The tea tussock moth, Euproctis pseudoconspersa, is an extremely destructive chewing pest found in tea plantations in China, Japan, and Korea1. This species has high fecundity and its voracious larvae heavily consume the leaves and shoots of tea plants, consequently causing severe losses in both yield and quality. Furthermore, its urticating setae cause serious skin allergic reactions in humans2. Currently, chemical control remains the primary method for managing tea tussock moth infestations. The extensive use of chemical pesticides poses a series of serious problems, including ecological and environmental destruction, threats to the health of tea drinkers, and insecticide resistance. Sex pheromone-based pest management technology, which is eco-friendly and more targeted at specific pests, is used to monitor and control insect pests3. Elucidating the molecular mechanisms and specificity principles underlying pest sex pheromone communication can provide a theoretical foundation for the development of sex attractants4,5.

In addition to their economic importance, sex pheromones play key roles in reproduction and are associated with reproductive isolation and species differentiation6. Based on their chemical structures, moth sex pheromones can be classified into four types. Among these, Type III sex pheromones are rare and have evolved independently several times in several lepidopteran families7,8. Owing to the lack of experimental materials, no draft genome of moths producing Type III sex pheromones is available. The tea tussock moth, which produces Type III sex pheromones (10,14-dimethyl-pentadecyl isobutyrate and 14-methylpentadecyl isobutyrate), is an ideal candidate for the evolutionary analysis of type III sex pheromone moths1.
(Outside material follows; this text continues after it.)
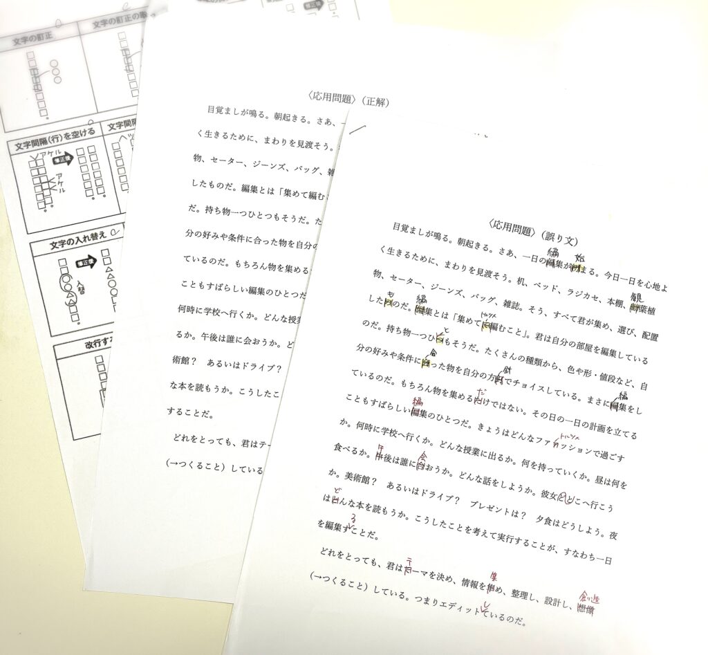 →校正記号の意味を理解し、表に従って使う練習になります。
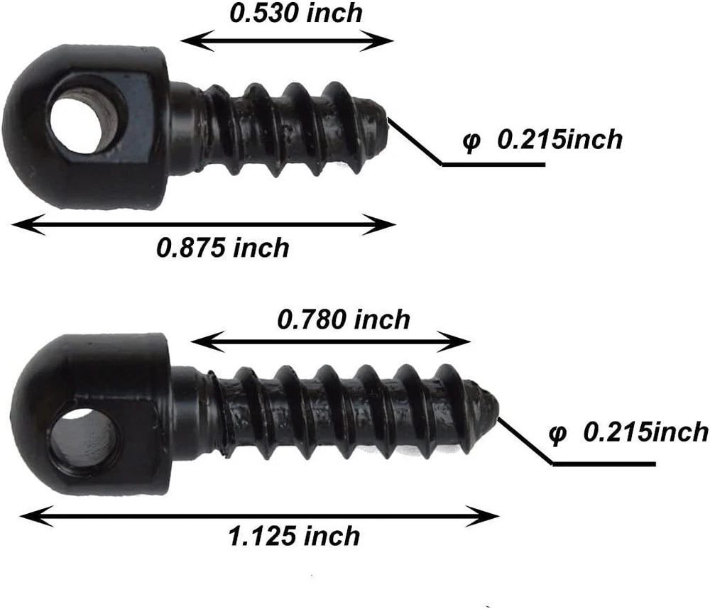 This is a set of Allen sling rotary stud kits. The Screws Swivel Wood Screw Stud is ideal for mounting slings on rifles or 3 pieces 1/2 inch swivel screws,3 pieces 3/4 inch swivel screws White spacers included. Excellent set of sling studs . Built with Carbon Steel, works for wood or syntheic stocks.Surface electrophoresis process, anti-corrosion, anti-rust. Easy to install .Using drill to drill hole to install screw or using threaded bolt to through hole Recommended to use 1/8-inch drill bit to punch mounting screws. Product Description Rifle or Swivel Screws Set Precision Made Machine and Wood Screws High Tensile Strength Metal Accommodates most slings with quick-release swivels, Standard sling adapter hole, suitable for most standard sling swivels and bipods Easy to Install Super easy to install on your rifle, using drill to drill hole to install screw or using threaded bolt to through hole. Swivel Screws 3/4" for the Buttstock White Spacers 1/2" for the fore-end White Spacers This is a set of Allen Sling rotary stud kits. The Screws Swivel Wood Screw Stud is ideal for mounting slings on rifles

Whole-genome sequencing is a fundamental tool for studying evolution and provides a complete set of gene resources, contributing to the development of management strategies9,10. In the present study, we assembled a chromosome-level genome of E. pseudoconspersa using a combination of PacBio HiFi sequencing and high-throughput chromosome conformation capture (Hi-C) technology. This high-quality chromosome-level genome provides a valuable resource for research on the biology, behavior, and genetic evolution of E. pseudoconspersa.

Methods

Insect collection and sequencing

E. pseudoconspersa larvae were obtained from tea plantations of the Fujian Tianhu Tea Industry Co., Ltd. (120.19°E,27.10°N). Larvae were reared on fresh tea shoots under laboratory conditions at a temperature of 25 ± 1 °C, relative humidity of 65% ± 10%, and under a 14:10 h (light:dark) photoperiod11. Genomic DNA was extracted from a female adult using a QIAamp DNA Mini Kit (Qiagen, Hilden, Germany). The integrity and purity of extracted DNA was monitored on 1% agarose gels and using a NanoDrop™ One UV-Vis spectrophotometer (Thermo Fisher Scientific, Waltham, MA, USA), respectively. Genomic DNA was sheared in G-tubes (Covaris, Woburn, MA, USA) and concentrated using AMPure PB magnetic beads.
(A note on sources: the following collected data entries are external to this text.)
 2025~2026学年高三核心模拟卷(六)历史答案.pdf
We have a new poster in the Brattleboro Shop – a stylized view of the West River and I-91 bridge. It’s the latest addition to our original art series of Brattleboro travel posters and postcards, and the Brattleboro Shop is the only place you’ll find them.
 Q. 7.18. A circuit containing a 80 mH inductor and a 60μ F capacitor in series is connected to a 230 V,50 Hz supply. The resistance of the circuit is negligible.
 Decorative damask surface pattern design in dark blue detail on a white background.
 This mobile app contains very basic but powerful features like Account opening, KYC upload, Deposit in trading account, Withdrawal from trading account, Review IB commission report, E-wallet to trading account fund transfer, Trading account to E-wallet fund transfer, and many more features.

Two libraries were constructed for genome sequencing. A short-read sequencing library was constructed using a TruSeq Nano DNA HT Sample Preparation Kit (Illumina, San Diego, CA, USA) and sequenced on an Illumina HiSeq X platform at Grand Omics Biosciences Co., Ltd. (Wuhan, China). The PacBio SMRT bell library was constructed using the SMRTbell® prep kit 3.0 (PacBio, Menlo Park, CA, USA) and sequenced using the PacBio Revio equipment at GrandOmics Biosciences Co., Ltd. (Wuhan, China). In total, 66.38 and 11.92 Gb of clean data were generated from the Illumina paired-end and PacBio libraries, corresponding to 176.43 × and 31.23 × coverage of the genome, respectively (Table 1).

Table 1 Statistics of sequencing data of E. pseudoconspersa genome.

For Hi-C sequencing, a library was constructed following a standard library preparation protocol using the NEBNext Ultra II DNA Library Prep Kit for Illumina (New England Biolabs, Beijing, China). The purified DNA was digested with DpnII. Biotinylated nucleotides were used to repair the tails and ligated DNA was sheared to a length of 400 bp. The Hi-C library was sequenced on the MGISEQ-T7 platform. Finally, a total of 56.04 Gb Hi-C clean reads were obtained with approximately 149.67 × coverage of the genome (Table 1).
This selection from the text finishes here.